━━━━━ EXERCISE MATERIAL

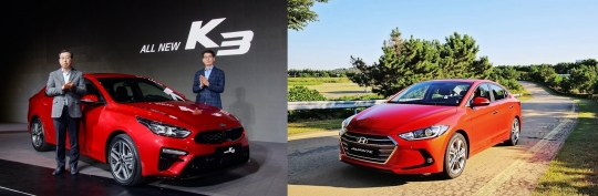 '형님' 현대차와 '아우' 기아차가 설 연휴 직후 중형 스포츠유틸리티차량(SUV)과 준중형 세단 시장에서 자존심 대결을 펼친다.
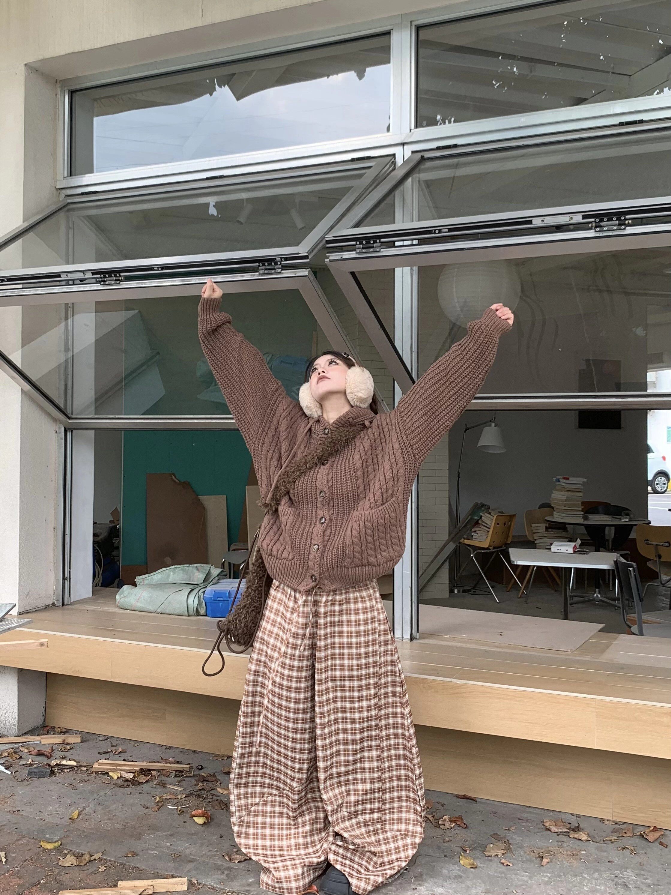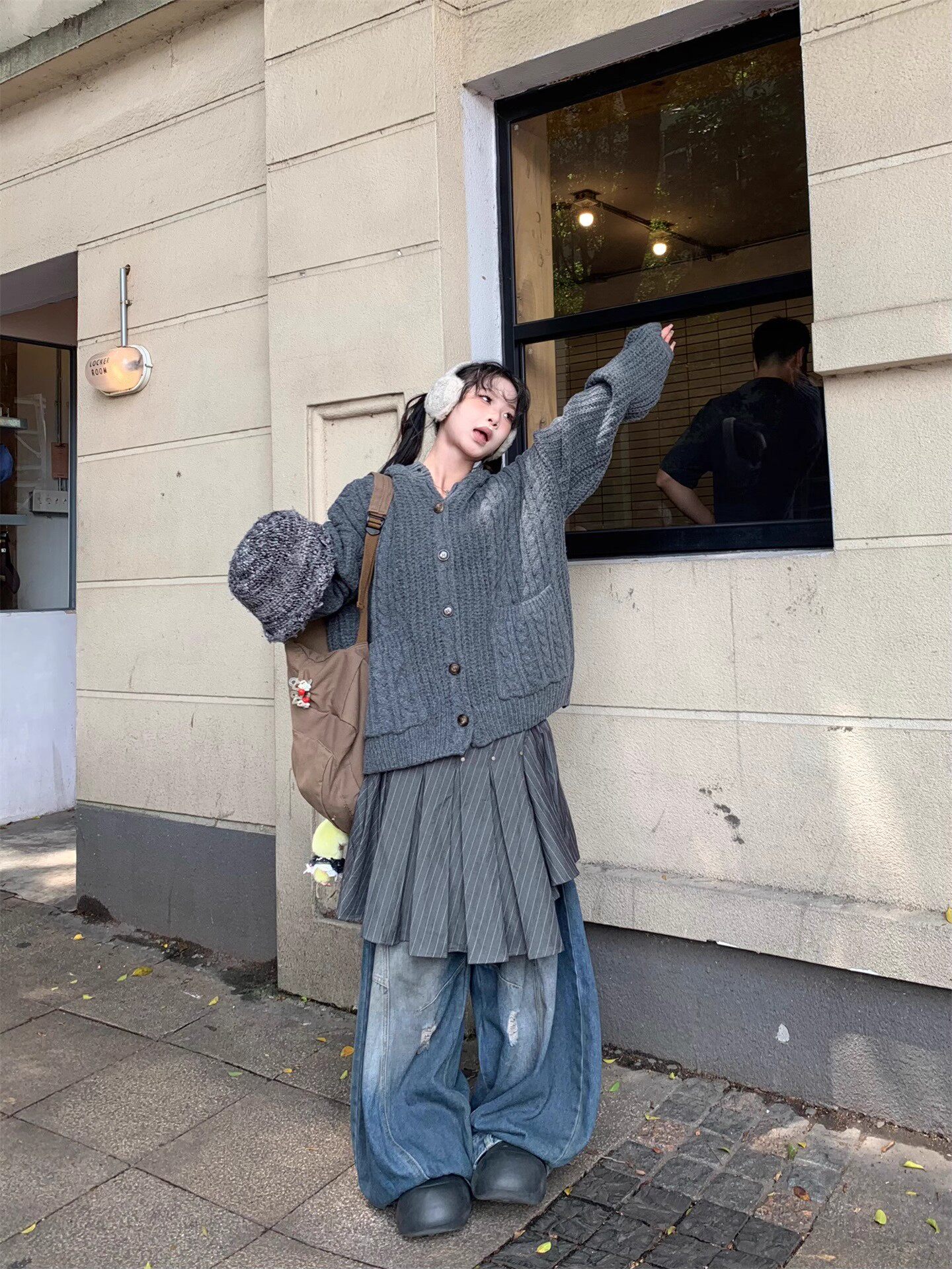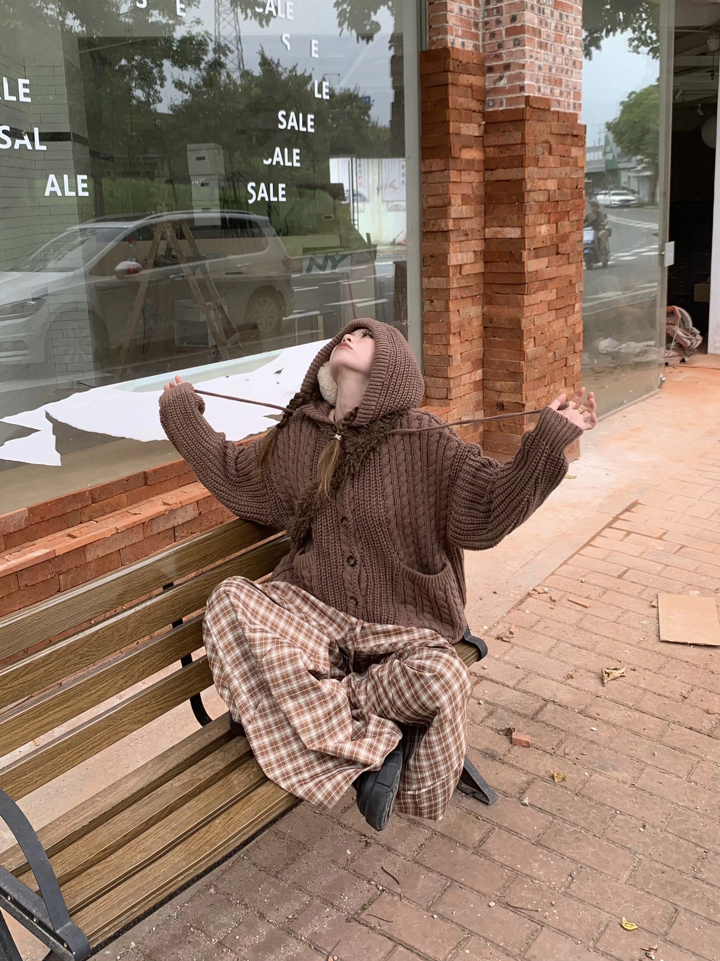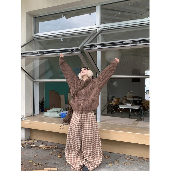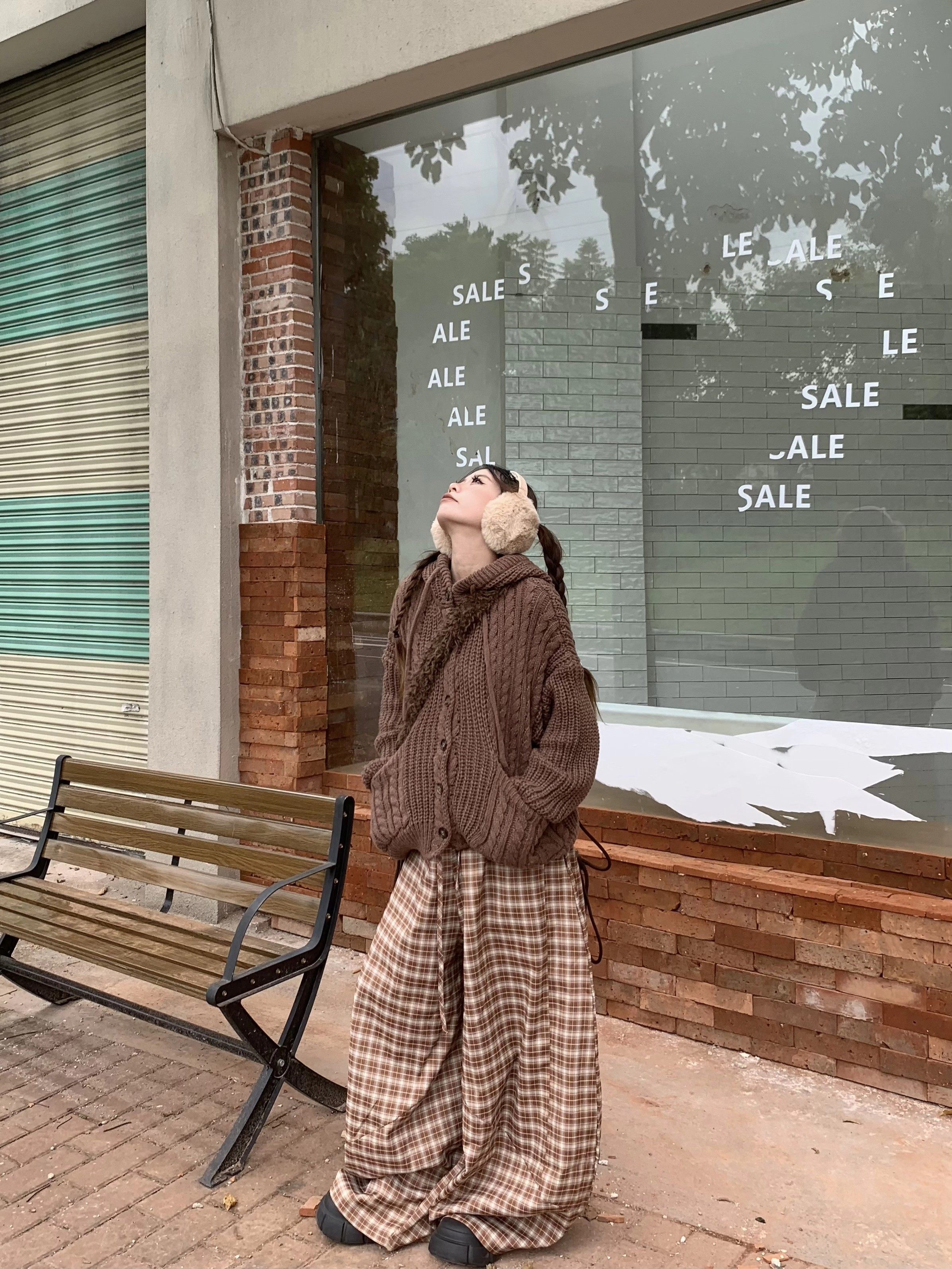 美式復古慵懶風秋冬新款連帽開衫毛衣外套女設計感寬松針織上衣潮
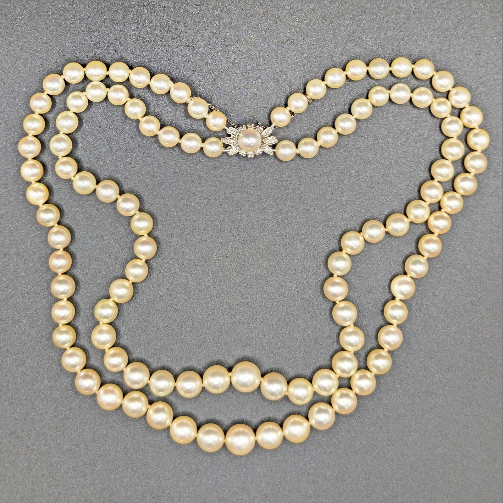Edwardian Pearl Necklace Diamond Clasp Antique Double Row Pearls with Gem Certificate (1 of 13)
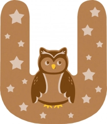 Ilustrația drăguță a bufniței și steluțelor face din această literă un accesoriu grozav pentru camera copiilor.
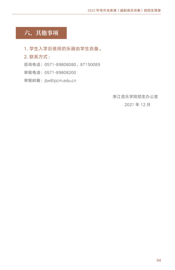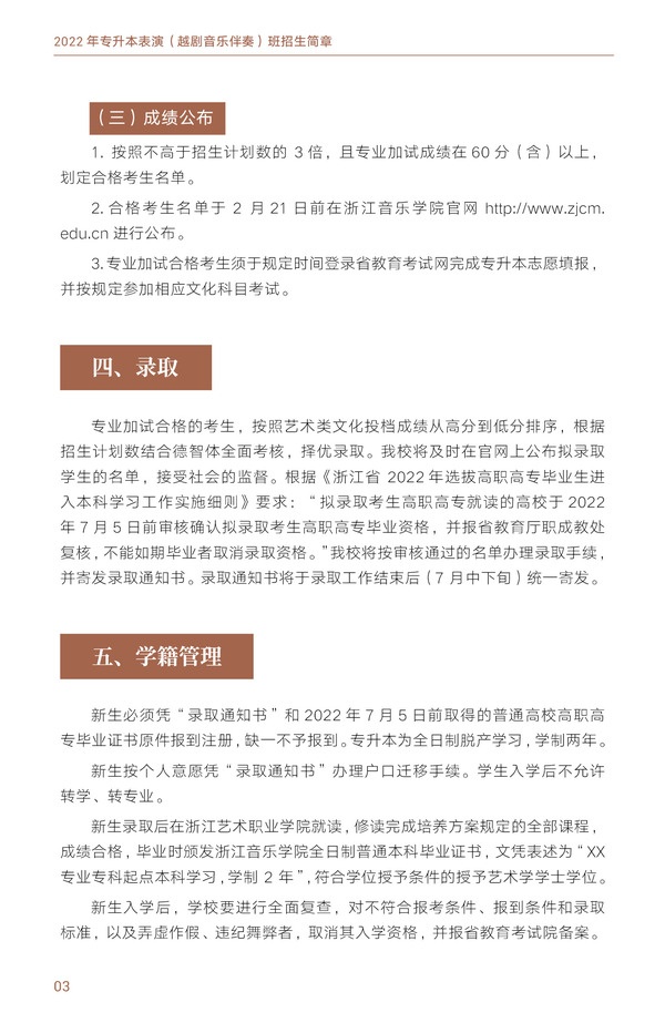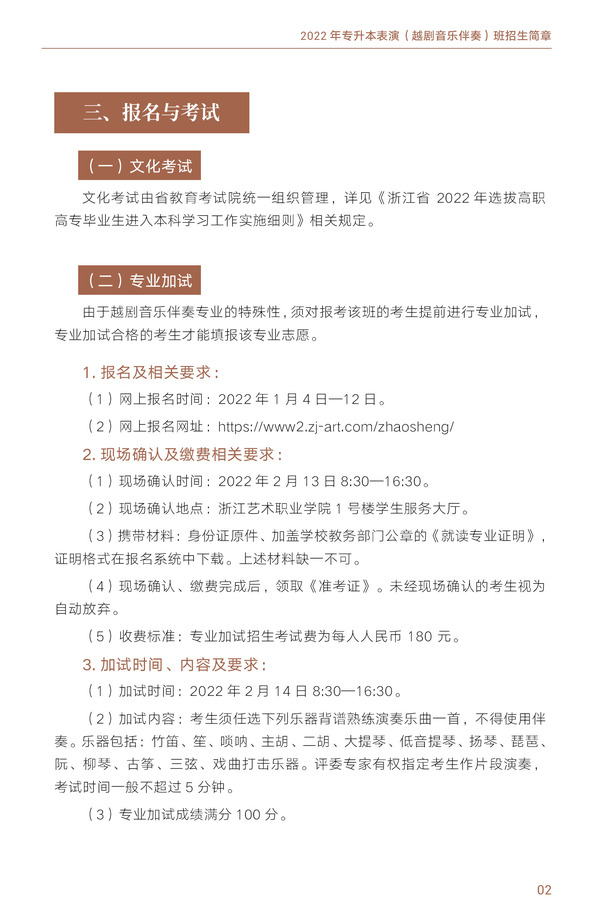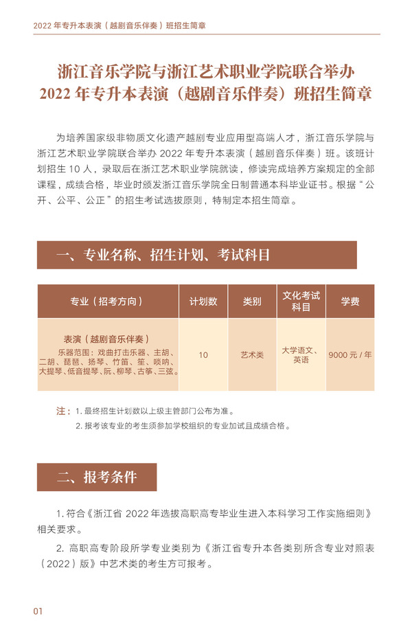 浙江音乐学院与浙江艺术职业学院联合举办2022年专升本表演(越剧音乐伴奏)班招生简章

━━━━━━━━━━

→ **PROBLEM DESCRIPTION**:
Write out the data exactly, and exclude every picture it holds.

→ **SOLUTION**:
 '형님' 현대차와 '아우' 기아차가 설 연휴 직후 중형 스포츠유틸리티차량(SUV)과 준중형 세단 시장에서 자존심 대결을 펼친다.
 美式復古慵懶風秋冬新款連帽開衫毛衣外套女設計感寬松針織上衣潮
Edwardian Pearl Necklace Diamond Clasp Antique Double Row Pearls with Gem Certificate (1 of 13)
 Ilustrația drăguță a bufniței și steluțelor face din această literă un accesoriu grozav pentru camera copiilor.
 浙江音乐学院与浙江艺术职业学院联合举办2022年专升本表演(越剧音乐伴奏)班招生简章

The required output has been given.